JORUND PAUSED IN the doorway and gave one last look around the lodge. The storage box, the sleeping shelf, the hearth: all was tidy, swept clean of everything but memories. He ducked back out into a sunlight so brilliant on the snow that it hurt his eyes, and pulled his fur hood up around his head. When he mounted his horse and looked at Aaren, she wore a pensive expression.
“You don’t want to leave either, do you?” she asked.
He shook his head and glanced around the white-garbed meadow and the ice-rimmed trees that sparkled in the sun. “But we cannot stay the winter. We don’t have enough food . . . and people and duties await us.”
She cast a last look around the little meadow, recalling with a heart-pang her first glimpse of it . . . and the anger and dread she had felt. Much had changed in the month and more they had spent here. She reached out a hand to Jorund and he squeezed it briefly before calling to Rika and setting off into the woods toward home.
EIGHTEEN
FOR THE last fortnight, things had been either monstrously dull or blessedly peaceful in Borger’s village—depending on one’s point of view. The coastal traders had come and gone, most of the harvest work was completed, the skalds and itinerant craftsmen had journeyed on to warmer climes, and the additional month Old Gunnar had claimed to raise the ransom was not yet past. There hadn’t been a blade-fight or a domestic brawl in weeks, and the next batch of feast-draught hadn’t finished brewing—so there wasn’t enough ale for a prolonged drinking rout to liven things up. Borger was at his wit’s end with all this peace. But the women and the common folk, while not all happy, were at least content with the lack of excitement.
Into the quiet and drowsing village, one cold, sunny afternoon, rode two fur-swathed figures on horseback accompanied by a great, rangy wolf. Two young boys spotted them first, on the edge of the stone-walled home-fields, and went running ahead of them, announcing their presence. The village folk poured out into the paths to ogle the shaggy strangers and were stunned to recognize them. From one to another, the word spread like wildfire, and the young boys went running to the smithy, the granary, and the women’s house with news that Jorund and the battle-maiden had returned.

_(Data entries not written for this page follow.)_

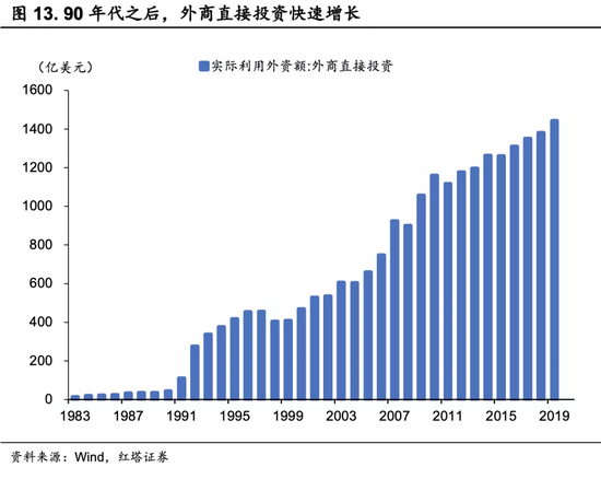 甲企业只是我们举的一个例子,在全世界像甲这样被地方政府趋之若鹜的外资企业还有很多。就是这样的一些高度亲商的优惠政策,再加上上面我们提到的人口红利,共同促进了外商直接投资(FDI)的快速增长。尤其在加入WTO之后,由于我国与国际市场的进出口贸易渠道更加畅通与便利,中国对于全球资本的集聚效应愈加明显,对外开放的步伐也有所加快。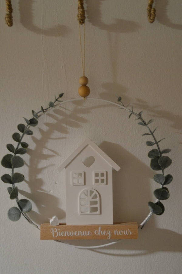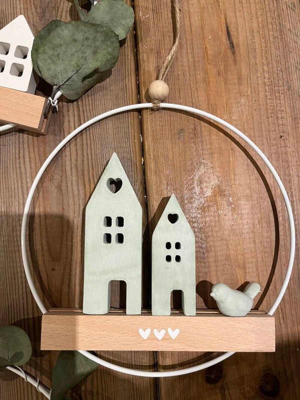 Personnalisation possible : précisez dans le cadre personnalisation forme et couleur des maisons, coeur ou oiseau, texte...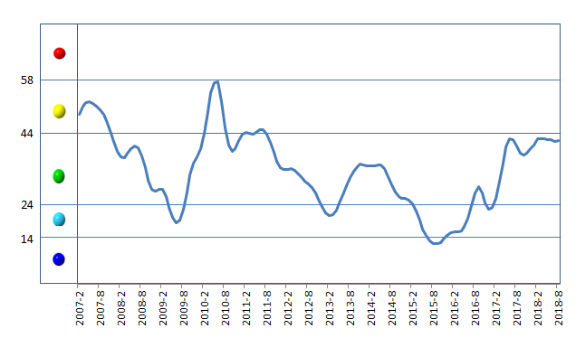 中色钨钼行业月度景气指数监测结果显示,2018年8月,中色钨钼行业景气指数为41.11,继4月开始连续下滑后出现回升,依然运行在“正常”空间;先行合成指数为49.16,继6月开始连续3个月下滑。近13个月以来中色钨钼行业月度景气指数见表1。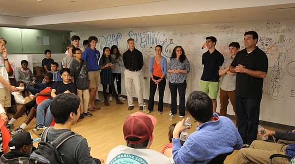 On Sept. 15, Michael Barker, Director of Academy Research, Information and Library Services, led a discussion about the creation of the OWHL Makerspace to a crowd of about 40 people in Pearson C, as part of the Tang Institute’s Lunch & Discussion Series. His talk focused on the library team’s progress in designing and developing a new Makerspace in the Oliver Wendell Holmes Library (OWHL), which is now open to the Andover community and features a 3-D printer, a sewing machine, and laser and vinyl cutters. The goal was to work with the community to create a lean, flexible, and informal space that brings together people of different backgrounds and skill sets to act upon their ideas together.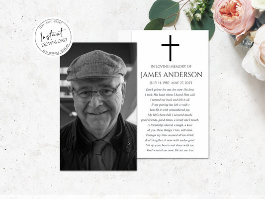 Simple Elegant Cross Funeral Prayer Card Template S1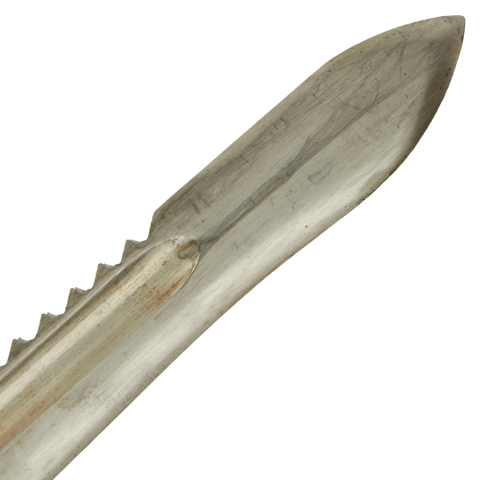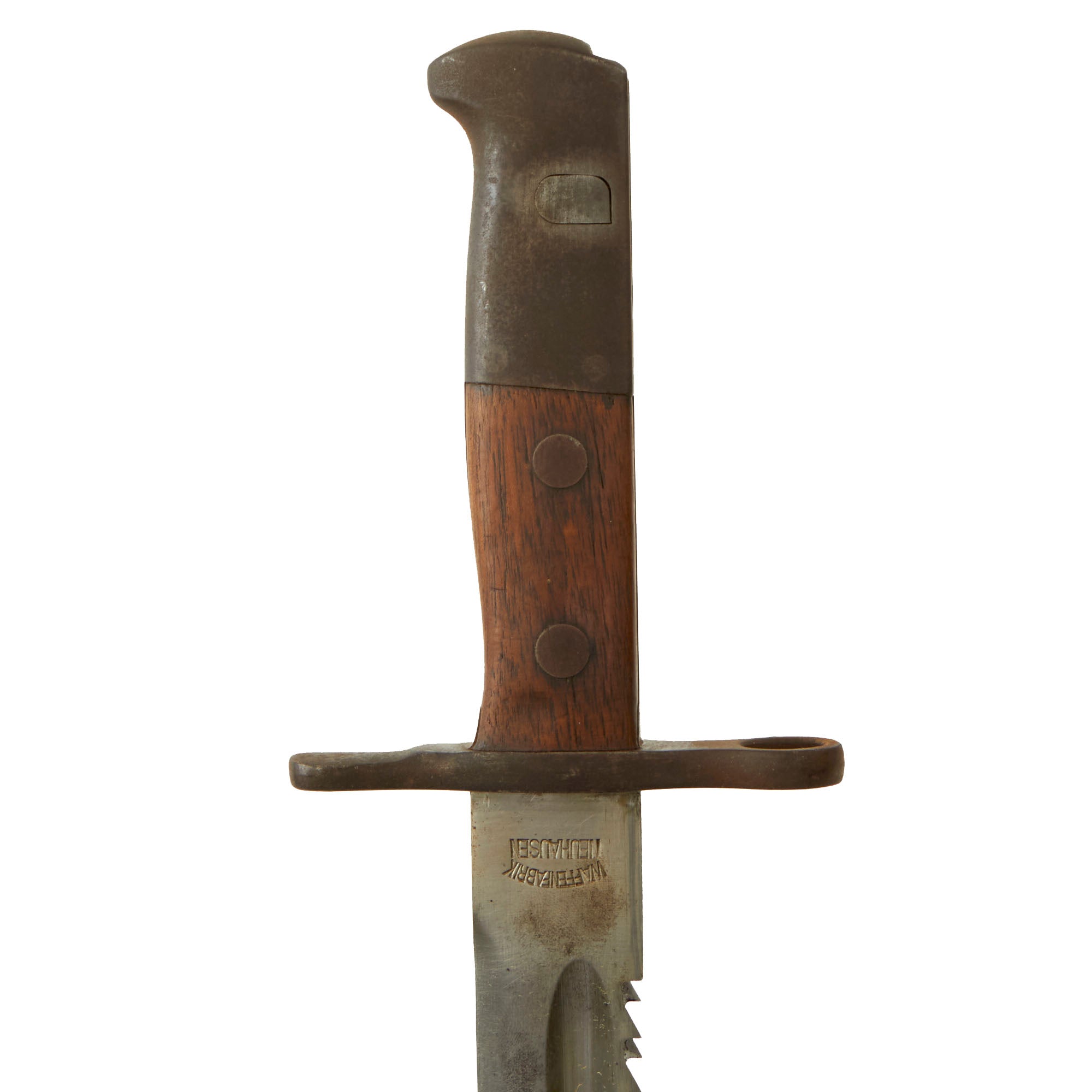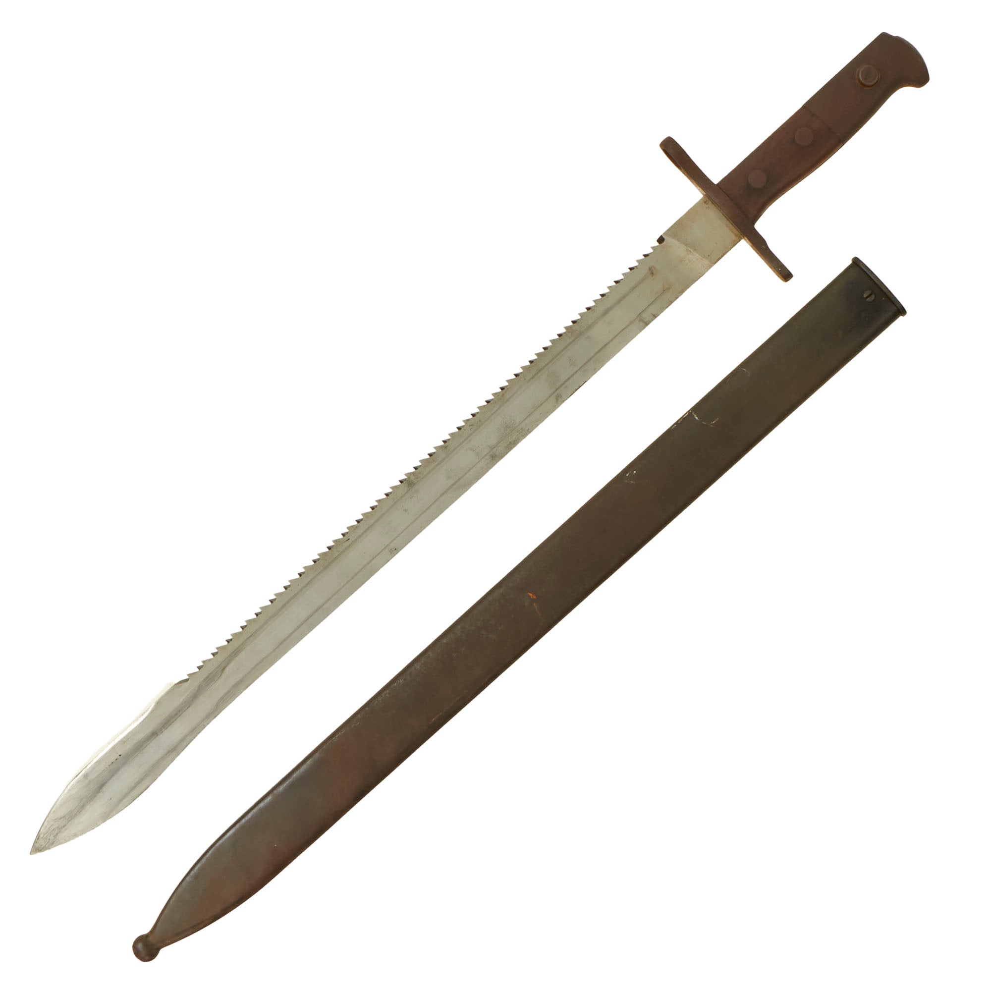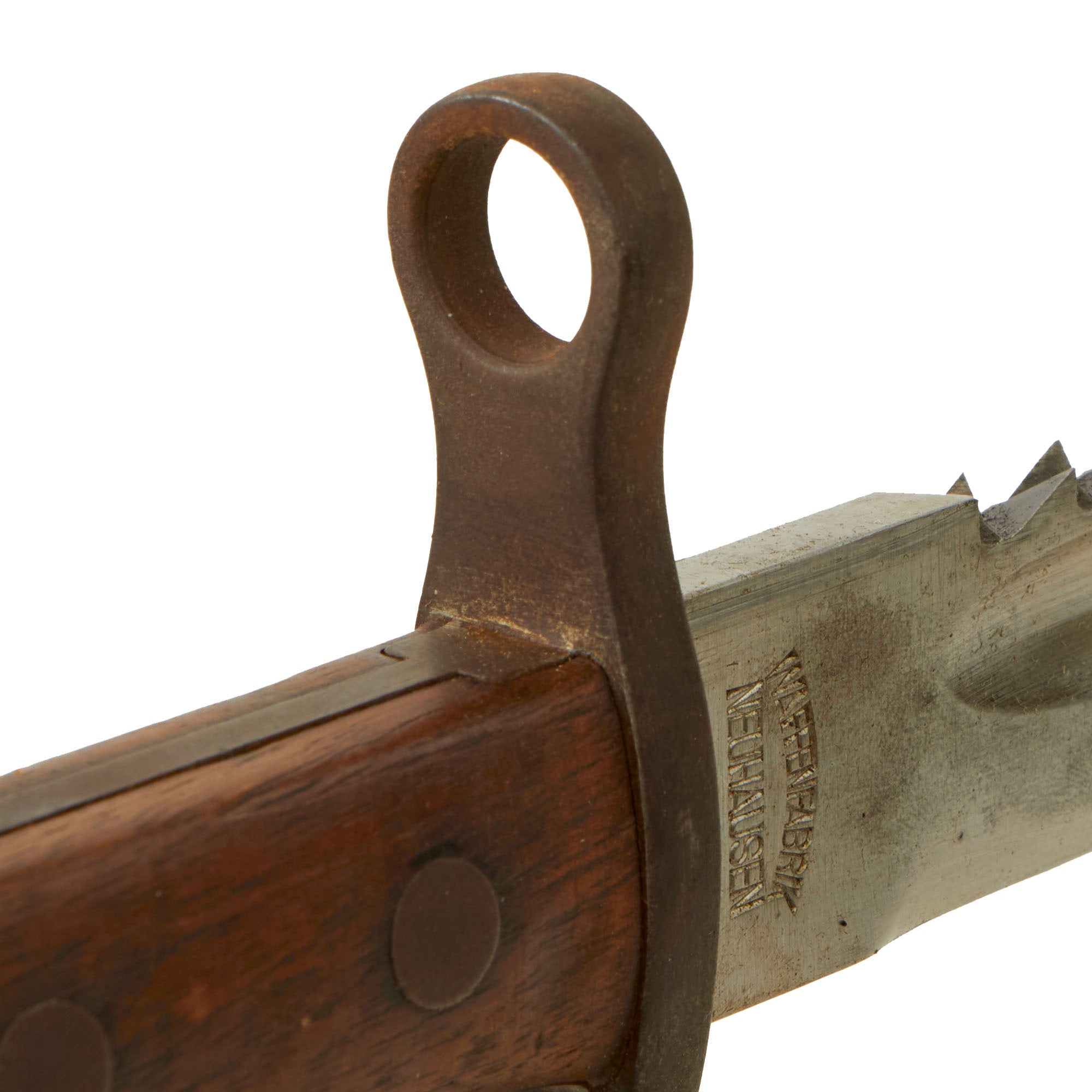 Original Item: Only One Available. This is a good example of the Rare Swiss Model 1914 Pioneer Sawback Sword bayonet. This model was in use by Switzerland from 1914 until well into the 1950s, and is considered to be the very last model of bayonet from any Country to make use of a saw back blade.

By the time Aaren and Jorund reached the commons, they had collected quite a following of folk, who waved and called greetings and scrutinized their odd garments. Jorund smiled as he answered their questions about the game and the snow-cover in the mountains, while Aaren searched the crowd for Miri and Marta. She spotted them and swung her leg over the horse to dismount.
“Aaren—it is you!” Miri cried, throwing herself into Aaren’s outstretched arms.
“We were so worried!” Marta declared, wrapping both her sisters in a tight hug. For a long moment they embraced, then Marta pulled back and ran frantic hands down Aaren’s face and shoulders. “Are you all right? Nothing hurt—nothing missing?”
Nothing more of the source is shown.